Exercise prompt —
Copy, word for word, the lines below from the one containing "圖為廣西三江侗族自治縣同樂苗族鄉桂書村和高武村的梯田風光。" up to and including the one containing "Declutter your space", with pictures left out.

Extracted material —

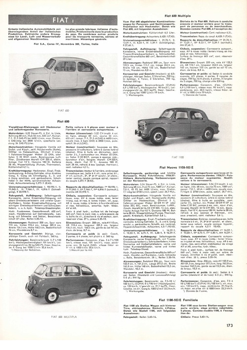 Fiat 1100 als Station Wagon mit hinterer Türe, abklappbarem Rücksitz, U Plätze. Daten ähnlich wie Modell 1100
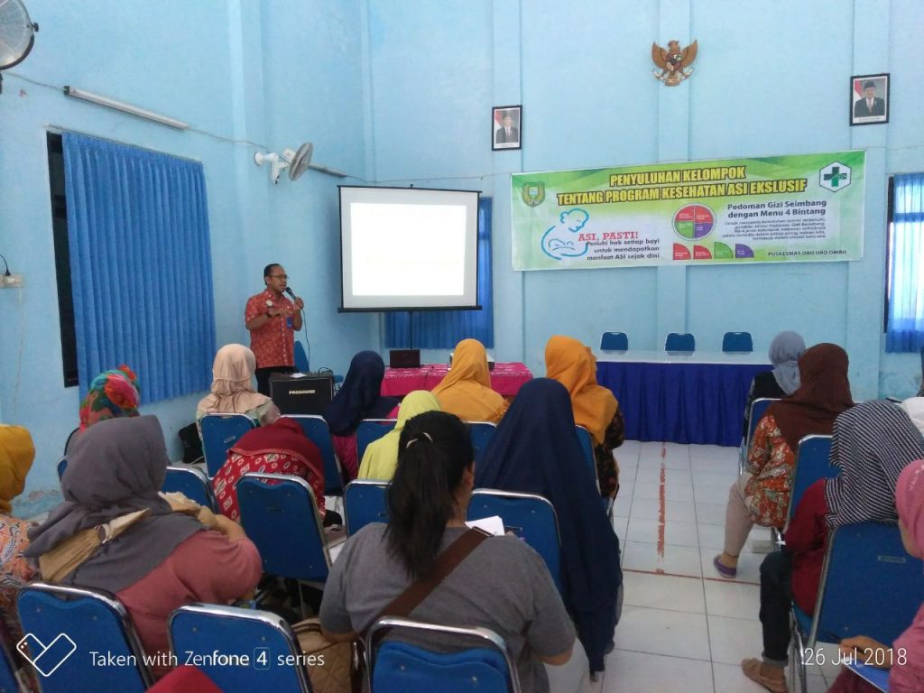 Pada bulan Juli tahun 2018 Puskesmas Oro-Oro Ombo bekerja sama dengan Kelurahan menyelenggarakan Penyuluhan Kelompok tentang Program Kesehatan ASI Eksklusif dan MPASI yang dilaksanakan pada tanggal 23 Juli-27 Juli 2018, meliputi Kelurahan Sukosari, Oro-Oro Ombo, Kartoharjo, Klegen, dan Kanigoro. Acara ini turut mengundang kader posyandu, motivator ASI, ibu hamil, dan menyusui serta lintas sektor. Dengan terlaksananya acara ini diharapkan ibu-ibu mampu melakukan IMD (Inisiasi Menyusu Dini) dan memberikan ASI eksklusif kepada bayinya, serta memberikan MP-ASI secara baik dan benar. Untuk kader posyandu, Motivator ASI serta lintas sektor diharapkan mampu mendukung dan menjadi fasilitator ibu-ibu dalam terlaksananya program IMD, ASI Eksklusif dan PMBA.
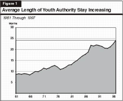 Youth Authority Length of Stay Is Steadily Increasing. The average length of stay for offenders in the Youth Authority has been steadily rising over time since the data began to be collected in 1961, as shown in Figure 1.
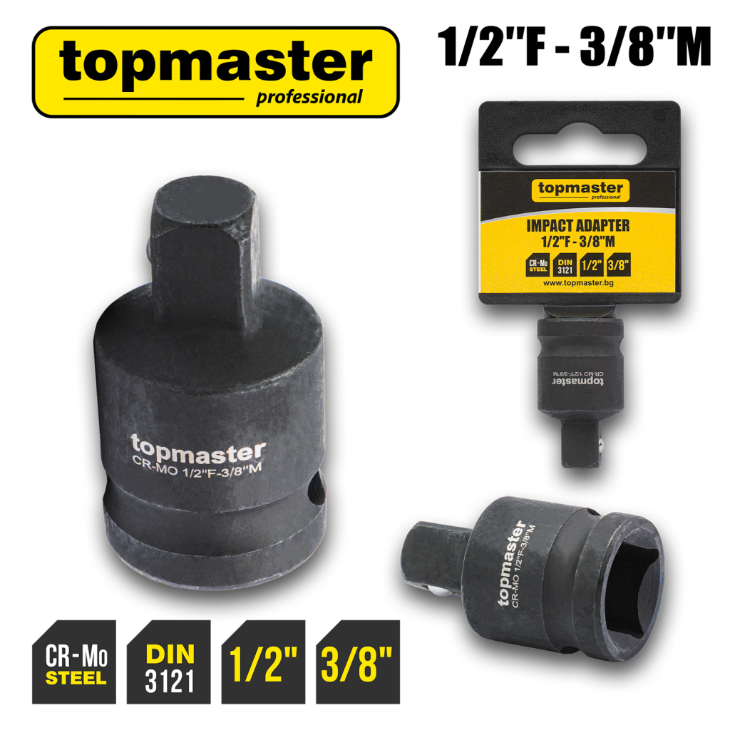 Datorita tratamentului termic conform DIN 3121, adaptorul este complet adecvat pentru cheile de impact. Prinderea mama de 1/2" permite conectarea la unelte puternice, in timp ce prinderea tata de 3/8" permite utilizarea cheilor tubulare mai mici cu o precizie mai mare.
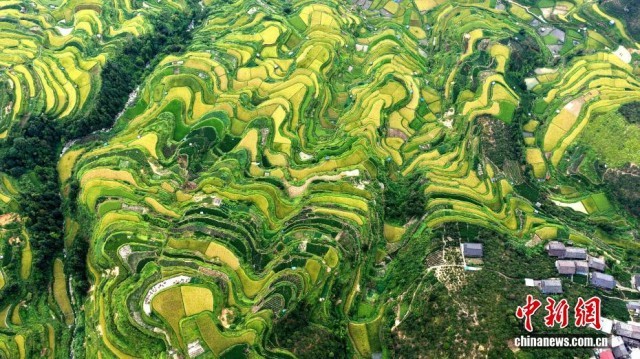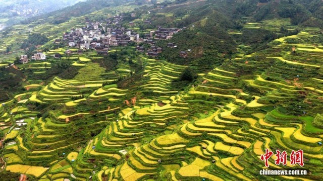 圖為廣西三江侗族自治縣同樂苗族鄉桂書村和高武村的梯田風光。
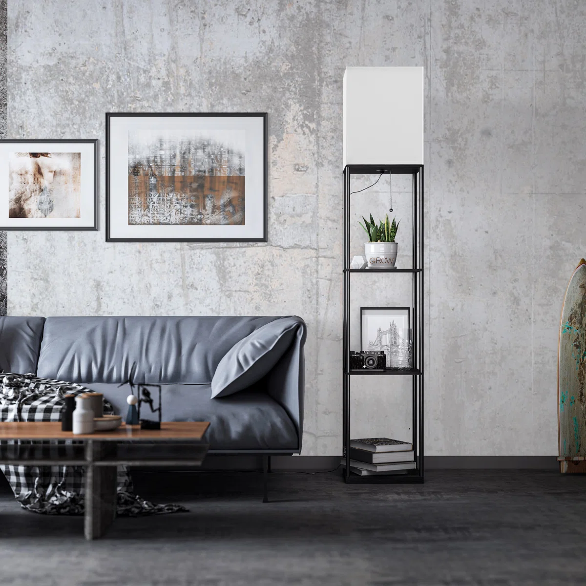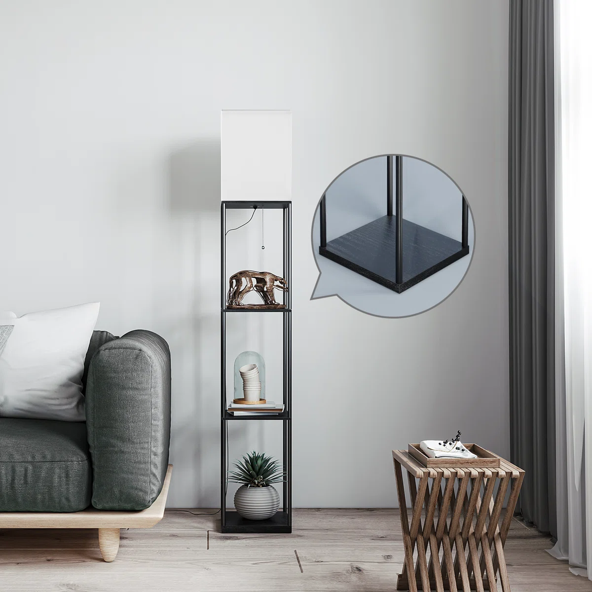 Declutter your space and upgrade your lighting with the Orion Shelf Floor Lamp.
...
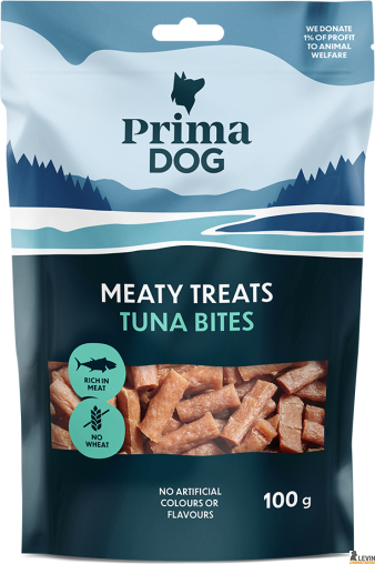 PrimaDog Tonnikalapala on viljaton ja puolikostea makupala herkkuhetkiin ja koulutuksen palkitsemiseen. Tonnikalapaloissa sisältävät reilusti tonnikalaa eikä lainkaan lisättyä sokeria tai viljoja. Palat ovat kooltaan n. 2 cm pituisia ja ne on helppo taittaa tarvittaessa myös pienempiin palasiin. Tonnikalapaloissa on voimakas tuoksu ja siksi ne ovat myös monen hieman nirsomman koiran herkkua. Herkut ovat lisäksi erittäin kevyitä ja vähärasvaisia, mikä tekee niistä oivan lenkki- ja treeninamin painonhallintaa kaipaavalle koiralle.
--
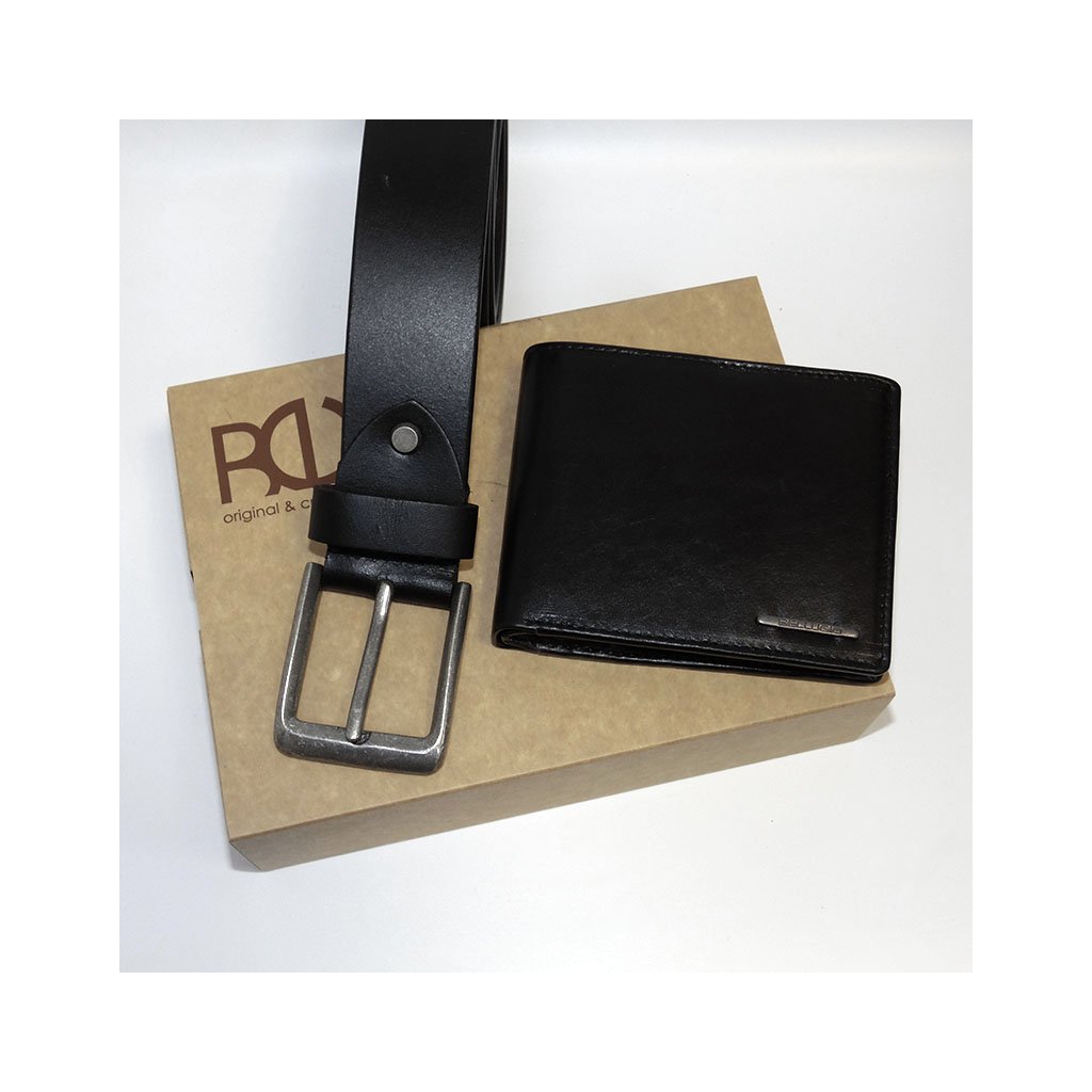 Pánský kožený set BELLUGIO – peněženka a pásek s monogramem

Response to this exercise —
 圖為廣西三江侗族自治縣同樂苗族鄉桂書村和高武村的梯田風光。
 Declutter your space and upgrade your lighting with the Orion Shelf Floor Lamp.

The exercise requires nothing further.